December 13, 2005



Flag Burning Amendment: The Vitriolic Perpsective

Posted by Amanda Toering
Wednesday July 06th 2005, 11:08 am
Filed under: Flag Burning

Yowza.

The Seacoast Online’s Chris Elliot delivers a truculent tirade on the perenially proposed flag burning amendment.

The visceral disgust that the sight of a flag being burned in protest provokes is being leveraged by a Republican administration that seeks to gin up patriotic fervor, at least partially to distract attention from the daily rising body count in Iraq. Any smoke screen that diverts attention away from Dubya’s Vietnam is welcomed by the White House, and this here-we-go-again stinker of a proposed Constitutional amendment is no exception. Every time this proposal is floated, the bullet-headed thugs in the House of Representatives pass it, and then the more sensible Senate shuts it down.

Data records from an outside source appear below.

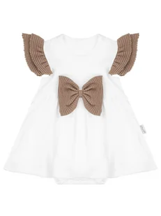 Wyprodukowano w Polsce Eleganckie sukienko-body dla dziewczynki wykonane z białej bawełny. Elementy ozdobne to duża brązowa, prążkowana kokarda oraz podwójne...
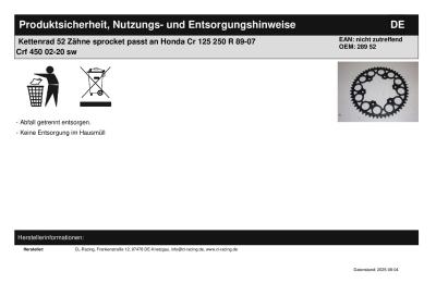 Titel: | Kettenrad 52 Zähne sprocket passt an Honda Cr 125 250 R 89-07 Crf 450 02-20 sw |
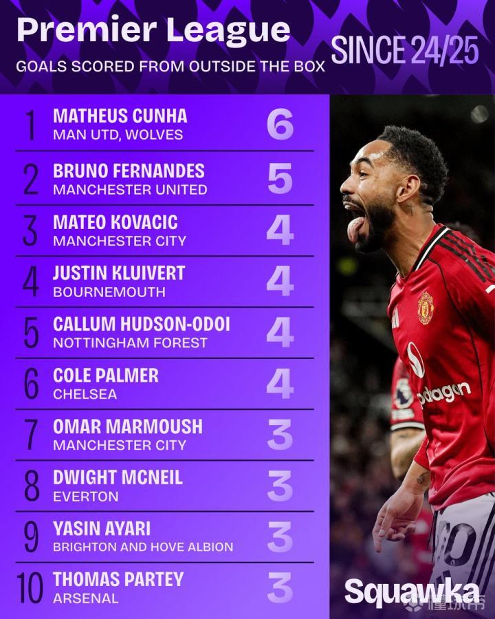 北京时间10月26日,权威数据机构Squawka发布了自上赛季以来英超联赛中禁区外进球数最多的球员统计。库尼亚以6粒进球位居榜首,B费以5粒进球紧随其后,科瓦契奇以4粒进球位列第三。
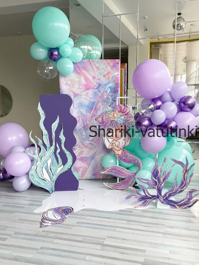 Фотозона с шарами русалочка (морская тема)
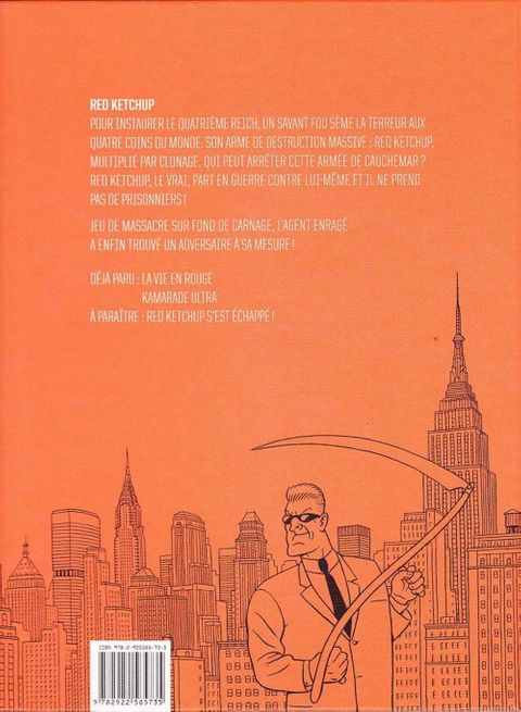 Pour instaurer le quatrième Reich, un savant fou sème la terreur aux quatre coins du monde. Son arme de destruction massive : Red Ketchup, multiplié par clonage. Qui peut arrêter cette armée de cauchemar ? Red Ketchup, le vrai, part en guerre contre lui-même et il ne prend pas de prisonniers ! Jeu de massacre sur fond de carnage, l'agent enragé a enfin trouvé un adversaire à sa mesure ! Voici le troisième tome des aventures de Red Ketchup ! L'album La vie en rouge s'est rapidement hissé dans la plupart des palmarès des libraires au Québec, preuve que le retour du plus déjanté des héros était attendu ! Régalez-vous, voici la suite de ses aventures !
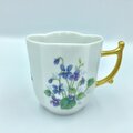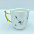 スッキリとした清楚なカップの姿に合うように、スミレの花を描いて、持ち手を金に塗りました。
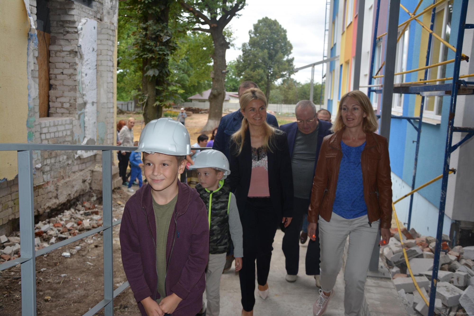 Во время рабочей поездки в Харьковский район глава ХОГА вместе с жителями города Южный проверила ход строительства нового корпуса местного детского сада.

This time, however, it seems that the right-wing propaganda machine might actually have enough zombie Senate Republicans and pantywaist Senate Democrats sufficiently bamboozled to tack this antonym to the first amendment onto the other extreme end of the document. Should it come to pass it will be one of the biggest judicial messes this nation has have ever foist upon itself.

The proposed amendment should be rejected on practicality alone. Passage will foster frivolous prosecutions of persons such as myself, who in protest of the flag-burning amendment will blithely shred its credibility by burning a flag with 49 white stars and one green one.

Next it will be a flag that bears an uncanny resemblance to an American flag, but that has 14 stripes, or perhaps one with aligned rather than staggered stars, or seven whites stripes and six red ones rather than the other way around, or even a flag of the future with 51 stars — portentous of the eventual annexation of Puerto Rico.

The language of such an amendment would be impossible to construct without leaving holes big enough drive a truck through. If it were worded to prohibit flag burning, it would implicitly permit and thereby invite urination on the flag, blowing one’s nose in the flag, flag design toilet paper, and various other forms of flag desecration. Were the amendment’s language to include the broader term of general desecration, an ambitious Texas district attorney might go after Willie Nelson for wearing a red, white and blue headband.